4 avril : saint Isidore

dans TradiNews

Sanctorum, édition originale du XIXème siècle : Isidore, fils de Sévérien, gouverneur de Carthagène, en Espagne, naquit vers 570. Il reçut de son frère Léandre, archevêque de Séville, une éducation à la fois libérale et pieuse, et devint bientôt un prodige de science.


Après la mort de ce saint Pontife, on le nomma son successeur en 601. Pendant trente-cinq ans d’épiscopat, il fut le père des pauvres, la consolation des malheureux, la lumière des savants, l’oracle de l’Espagne.

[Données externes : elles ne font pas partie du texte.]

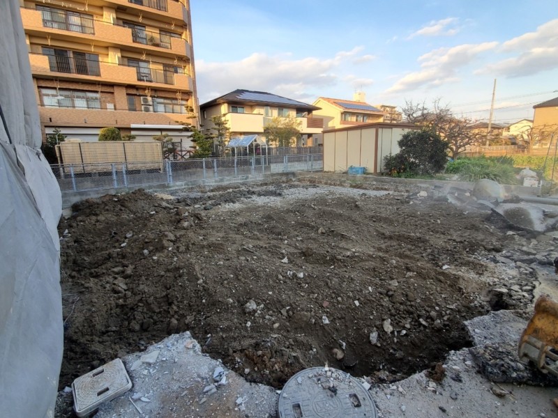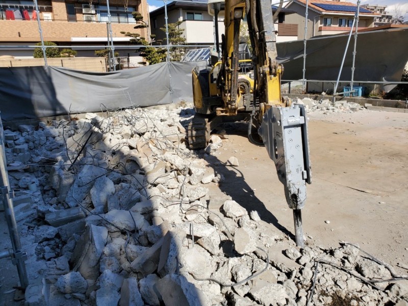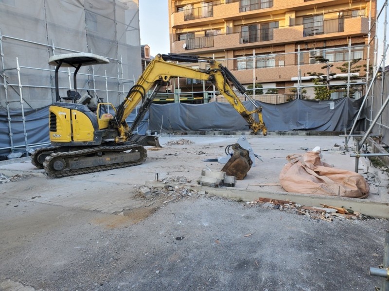 建物の取り壊しを終えて、基礎のコンクリートもすべて掘り起こしていきます。

En qualité de vicaire du Siège apostolique, il présida plusieurs conciles, qui élaborèrent la remarquable législation des Wisigoths. Il fonda dans un monastère immense, aux portes de Séville, une université d’où sortirent plusieurs célébrités savantes de l’époque. Il mit entre les mains de ses disciples les Oeuvres d’Aristote, traduites par Boèce. Il composa lui-même pour les étudiants un manuel sous ce titre : Livre des origines ou des étymologiesC’est une encyclopédie méthodique, qui comprend toutes les branches de la science. D’après Cuvier, “Isidore fut le dernier savant du monde ancien et le premier chrétien qui formula la science de l’antiquité pour les chrétiens.” Il écrivit contre le judaïsme, et convertit plusieurs Israélites. Il publia une Collection des Conciles et des Décrétales, qui devint le code canonique de l’Espagne. Il rétablit aussi l’unité dans la prière, en revoyant la liturgie romano-espagnole, qui prit, avec l’invasion des Maures, le nom de Mozarabe.

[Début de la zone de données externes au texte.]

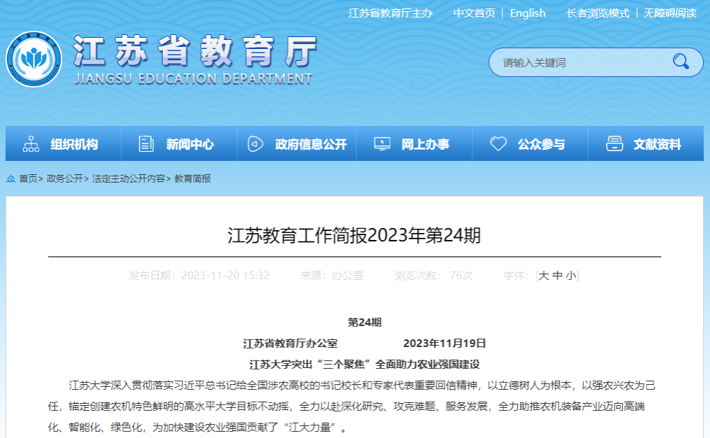 11月20日,江苏省教育厅《江苏教育工作简报》(2023年第24期)以《LEDONG.COM突出“三个聚焦”全面助力农业强国建设》为题,从“聚焦深化科技创新,加快打造农机研究新高地”“聚焦破解行业难题,不断实现农机技术新突破”“聚焦服务乡村振兴,全面提升农机装备新贡献”三个方面,专题报道了我校科技强农兴农工作。

Vers l’an 619, Isidore se rendit à Rome, où il fut accueilli avec honneur par le Pape Boniface V et par le clergé de la ville. En s’en retournant, il passa par Narbonne. Une sécheresse dévorante désolait la contrée. Une foule nombreuse vint à sa rencontre, le suppliant d’obtenir par ses prières la cessation du fléau. Le saint l’exhorta à la confiance en Dieu ; puis, élevant les mains, il pria avec ferveur. Presque aussitôt le ciel se couvrit de nuages, une pluie bienfaisante changea la face des campagnes. Son entrée à Séville fut un véritable triomphe : on se pressait autour de lui ; ceux-ci demandaient sa bénédiction, ceux-là cherchaient à baiser la frange de son manteau. Etouffée par la foule, une femme tomba morte. A cette vue, le pontife fondit en larmes, et, agenouillé près du cadavre, obtint de Dieu qu’elle fut rendue à la vie. Isidore mourut le 4 avril 636.